2. Identified potential biomarkers for finer differentiation of phytoplasma strains. We have designed PCR primers for amplification of ribosomal protein L15 (rp10), adenylate kinase (adk), methionine aminopeptidase (map), and protein translocase (secY) gene sequences. These conserved house keeping genes are more variable than 16S rRNA gene and represent potential biomarkers that will facilitate differentiation of closely related phytoplasma strains. This progress will advance work by epidemiologists and other scientists interested in identification of biologically or ecologically distinct phytoplasma strains involved in various phytoplasmal diseases. NP303 Plant Diseases; component 1, Disease Diagnosis: Detection, Identification, and Characterization of Plant Pathogens; Problem Statement: 1B Detection, Identification, Characterization, and Classification of pathogens. NP303 Plant Diseases; Component 1, Disease Diagnosis: Detection, Identification, and Characterization of Plant Pathogens; Problem Statement: 1B Detection, Identification, Characterization, and Classification of Pathogens.

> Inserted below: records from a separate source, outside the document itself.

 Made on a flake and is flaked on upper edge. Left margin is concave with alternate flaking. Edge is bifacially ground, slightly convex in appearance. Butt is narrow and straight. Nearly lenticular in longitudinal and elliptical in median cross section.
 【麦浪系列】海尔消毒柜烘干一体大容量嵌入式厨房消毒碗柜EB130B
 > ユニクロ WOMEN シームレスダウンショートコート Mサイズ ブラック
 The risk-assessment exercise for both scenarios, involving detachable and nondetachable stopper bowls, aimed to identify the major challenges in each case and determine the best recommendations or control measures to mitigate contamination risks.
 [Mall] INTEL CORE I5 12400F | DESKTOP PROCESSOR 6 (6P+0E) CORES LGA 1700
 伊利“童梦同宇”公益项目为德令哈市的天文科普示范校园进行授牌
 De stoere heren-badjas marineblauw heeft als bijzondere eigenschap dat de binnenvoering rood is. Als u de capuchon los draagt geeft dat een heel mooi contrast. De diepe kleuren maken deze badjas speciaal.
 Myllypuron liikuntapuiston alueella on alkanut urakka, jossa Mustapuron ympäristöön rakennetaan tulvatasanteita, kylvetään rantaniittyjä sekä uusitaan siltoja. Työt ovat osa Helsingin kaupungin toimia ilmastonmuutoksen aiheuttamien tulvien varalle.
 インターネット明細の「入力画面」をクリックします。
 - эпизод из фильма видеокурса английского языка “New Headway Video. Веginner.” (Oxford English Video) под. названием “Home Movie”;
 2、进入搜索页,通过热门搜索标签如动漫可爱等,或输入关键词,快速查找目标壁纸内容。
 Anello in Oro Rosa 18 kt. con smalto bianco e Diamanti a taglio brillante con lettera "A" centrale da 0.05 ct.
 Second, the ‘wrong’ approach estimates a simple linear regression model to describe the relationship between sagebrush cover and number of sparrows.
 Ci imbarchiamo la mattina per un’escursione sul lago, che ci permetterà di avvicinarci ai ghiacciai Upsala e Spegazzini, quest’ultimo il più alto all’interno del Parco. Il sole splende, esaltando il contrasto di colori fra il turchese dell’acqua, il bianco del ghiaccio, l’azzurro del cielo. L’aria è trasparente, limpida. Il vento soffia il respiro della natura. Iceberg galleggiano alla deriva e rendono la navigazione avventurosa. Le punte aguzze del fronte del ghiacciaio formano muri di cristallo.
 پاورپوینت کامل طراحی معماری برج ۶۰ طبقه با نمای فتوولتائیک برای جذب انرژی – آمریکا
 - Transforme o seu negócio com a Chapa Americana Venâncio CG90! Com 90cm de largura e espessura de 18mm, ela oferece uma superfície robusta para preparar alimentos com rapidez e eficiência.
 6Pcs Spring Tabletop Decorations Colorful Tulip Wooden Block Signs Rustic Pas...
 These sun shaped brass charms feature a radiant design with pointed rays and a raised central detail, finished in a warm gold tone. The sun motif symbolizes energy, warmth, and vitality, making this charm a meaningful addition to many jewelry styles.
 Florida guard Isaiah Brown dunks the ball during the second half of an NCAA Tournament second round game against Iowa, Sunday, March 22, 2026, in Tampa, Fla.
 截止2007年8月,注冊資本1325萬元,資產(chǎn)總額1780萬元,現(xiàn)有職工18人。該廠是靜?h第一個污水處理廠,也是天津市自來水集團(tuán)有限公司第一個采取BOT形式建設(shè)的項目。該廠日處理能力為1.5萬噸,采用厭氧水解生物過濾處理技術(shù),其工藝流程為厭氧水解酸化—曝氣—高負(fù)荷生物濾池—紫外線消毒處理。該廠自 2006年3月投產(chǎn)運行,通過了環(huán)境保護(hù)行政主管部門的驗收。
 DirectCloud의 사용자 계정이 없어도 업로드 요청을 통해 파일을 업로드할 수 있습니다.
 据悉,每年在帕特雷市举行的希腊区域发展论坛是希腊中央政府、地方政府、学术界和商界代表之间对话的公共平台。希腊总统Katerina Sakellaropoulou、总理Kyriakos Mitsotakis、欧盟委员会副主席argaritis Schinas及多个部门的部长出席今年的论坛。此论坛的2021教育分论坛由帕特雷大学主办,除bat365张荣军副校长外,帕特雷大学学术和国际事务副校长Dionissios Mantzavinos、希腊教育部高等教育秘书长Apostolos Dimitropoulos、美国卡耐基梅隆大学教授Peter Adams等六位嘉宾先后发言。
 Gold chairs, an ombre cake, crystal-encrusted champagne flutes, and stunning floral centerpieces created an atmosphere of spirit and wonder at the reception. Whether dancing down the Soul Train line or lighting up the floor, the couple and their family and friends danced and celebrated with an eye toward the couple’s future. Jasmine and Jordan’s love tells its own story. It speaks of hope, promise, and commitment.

3. Phytoplasma genome architecture and foreign gene acquisition. We have continued our analysis of the unique phytoplasmal genome architecture that is characterized by structures that we have named sequence-variable mosaics (SVMs). We gained evidence that these structures were formed early in phytoplasma evolution -- after divergence of phytoplasmas from their acholeplasma-like ancestors but before diverse phytoplasmas evolved. Thus, we found evidence for SVMs in phytoplasmas representing diverse branches of the phytoplasma evolutionary tree, placing SVM formation at the root of phytoplasma evolution. We postulated that the size and nonrandom chromosomal distribution of SVMs could be explained by recurrent, mobile element attack targeted to specific regions in the phytoplasma chromosome, and that hyper-variable regions within the SVMs remained active as sites for horizontal acquisition of foreign genes. This scientific advance provided a fundamental basis for our subsequent discovery of the nature of mobile element(s) responsible for forming SVM and launching evolution of the phytoplasma clade. This progress will advance work by epidemiologists and other scientists interested in strain identification and characterization of phytoplasma populations in relation to host-pathogen interactions, and the evolutionary emergence of new kinds of pathogens. NP303 Plant Diseases; Component 2, Biology, Ecology, Epidemiology, and Spread of Plant Pathogens and their Relationships with Hosts; Problem Statement: Pathogen Biology, Virulence Determinants, and Genetics of the Pathogen; and Component 1, Disease Diagnosis: Detection, Identification, and Characterization of Plant Pathogens; Problem Statement: 1B Detection, Identification, Characterization, and Classification of Pathogens.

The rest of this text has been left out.